How have we humans come to be so skillful at smiling, laughing, and crying? Other notable human behaviors – reproducing, fighting, sharing, hunting – have easily visible predecessors among most animals. But our repertoire of daily grins, laughs, and tears – except for some vaguely similar expressions among chimps, dogs, and rats – is unique. We express life’s joys and sorrows in ways that seem to have little ancestry.
But neuroscientist Michael Graziano proposes that we smile, laugh, and cry in useful mimicry of a protective, cringing reflex that is millions of years old.

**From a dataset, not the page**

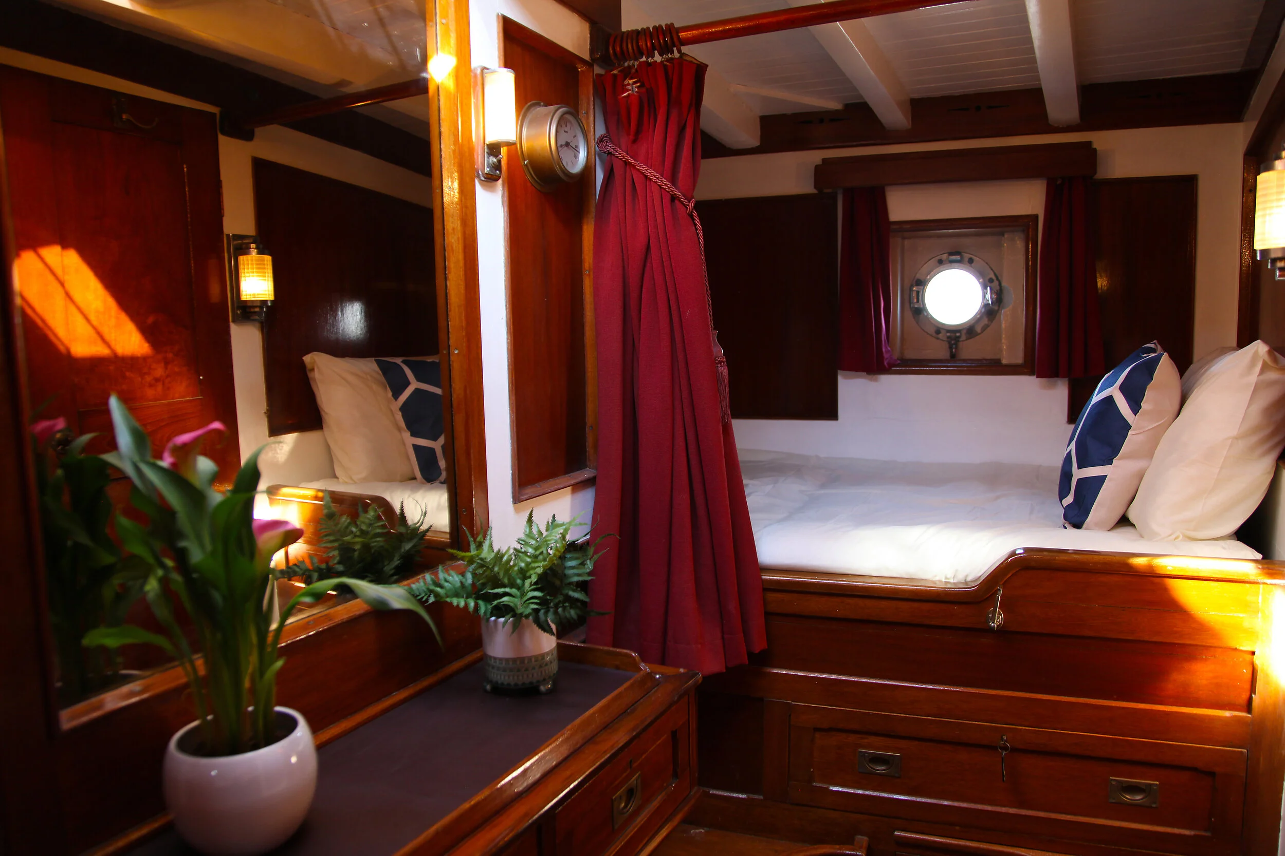 Blue Trout has 8 berths: 2 (bunks) in the bows, 2 in mid cabin (bunks) and 4 in the Captainās cabin. 2 further beds available in the saloon and another in the deckhouse. 2 showers & wcās.

In The Spaces Between Us: A Story of Neuroscience, Evolution, and Human Nature (2018), Graziano describes his team’s years of research at Princeton on how the brain monitors the personal space around us. This flexible buffer zone can extend out to the edges of the car we are driving or to our child who is leaning over a ledge. The buffer also shrinks to the physical closeness we allow with those we trust and even disappears altogether for pair bonding and sex. The buffer is a protective, not a social space. “Personal space is all about the zone where you keep people out, not the zone where you invite people in” (Kindle location 472).

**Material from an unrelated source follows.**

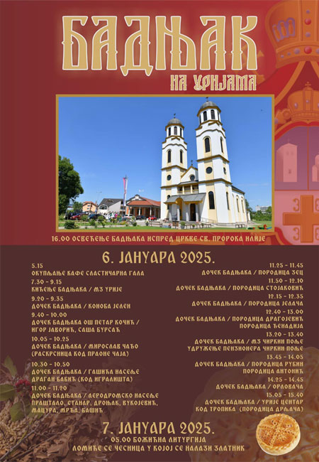 16.00 – Osvećenje badnjaka ispred Crkve Svetog proroka Ilije
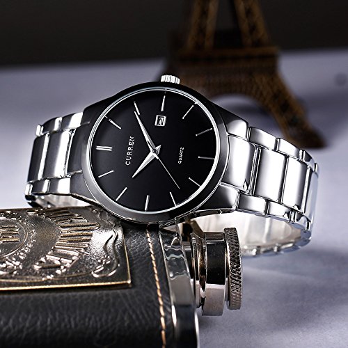 -. Feature : Simple Casual design watch,packed with clothing cloth and steel strap adjuster,you can adjust length to fit wrist by yourself / Silver stainless steel watch band and steel case with fold over clasp / Quartz movement with analog display with simple black dial,easy to read / Round watch with featuring hour marks and auto date / Water resistant up to 30M (Suitable for daily use. Splash/rain resistant.NOT suitable for diving, swimming, snorkeling, water-related work)

So where do smiling, laughing, and crying come in? Such expressive reactions are rooted in an ancient cringe posture that people still take on when their protective zone is suddenly and dangerously threatened – by seeing a stone thrown at them, for example. The posture reflects the brain’s first priorities: protect the eyes and the abdomen. “The forehead is mobilized downward and the cheeks are mobilized upward, dragging the upper lip with them.” As a result, the teeth are exposed. Hands cover the abdomen, the body hunches down, shoulders rise.
We think of a smile as being about teeth, but the display of teeth is only a consequence of the cheeks lifting upward to protect the eyes. Still, the sight of this wincing “smile” may have reassured an early enemy that the individual in the cringe posture was not a threat. But the potential victim learned even more: that the facial expression could be imitated, mimicked, in order to ward off injury, to play it safe. Millions of years later, we smile.
Graziano states his point carefully. “…[T]o be clear, the human smile is not a defensive cringe. When you smile, you are not thereby protecting your eyes from a flying stone. You’re not expressing fear. You’re not anticipating an attack. But the evolutionary precursor of a smile is a defensive cringe that protects the eyes in folds of skin. A smile is an evolutionary mimic” (2255).
While the smile mimics a gesture that might have headed off a conflict before it started, laughter may have emerged as a way to prevent harmless play-fighting already in progress from getting too serious. Graziano connects laughter with tickling. When a child is tickled, the hand of the tickler moves into the child’s protective space, the cringe reaction begins to sound the alarm, the hand reaches an area of sensitive skin and “the touch evokes a full-blown laughter…an entire collection of alarm shrieks, defensive blocking and retracting, a pursing of skin around the eyes, upward bunching of the cheeks, upper lip pulling up, and secretion of tears”(2316). Laughter evolved from such an alarm reaction that tells a play-opponent that yes, you’ve touched me, touché, now that’s enough. Like the smile, laughter gradually became a social signal, read by others, mimicked by those who want to signal their good-natured agreeableness.
Graziano acknowledges that such speculation does not explain the many types of laughter – or the nature of humor itself. But it does suggest why, after the long road of its evolution, full and hearty laughter shares many of the facial markers of the defensive cringe.
Crying, unlike smiling and laughing, adapts the cringe response to the loser’s need for friendly resolution after an all-out fight is over. After an attack, a primate victor often comforts the loser. The loser’s cringing, moaning, and tears signal not only surrender but a plea to restore amity. After a million years of such reactions, we mimic the post-drubbing defensive cringe as a way to express pain and ask for consolation – even when we are crying alone.
Graziano’s book is very clear, very engaging, and at times very personal. And I value knowing how laughter and tears both link us to early ancestors while also displaying such an evolutionary distance from the original reflex.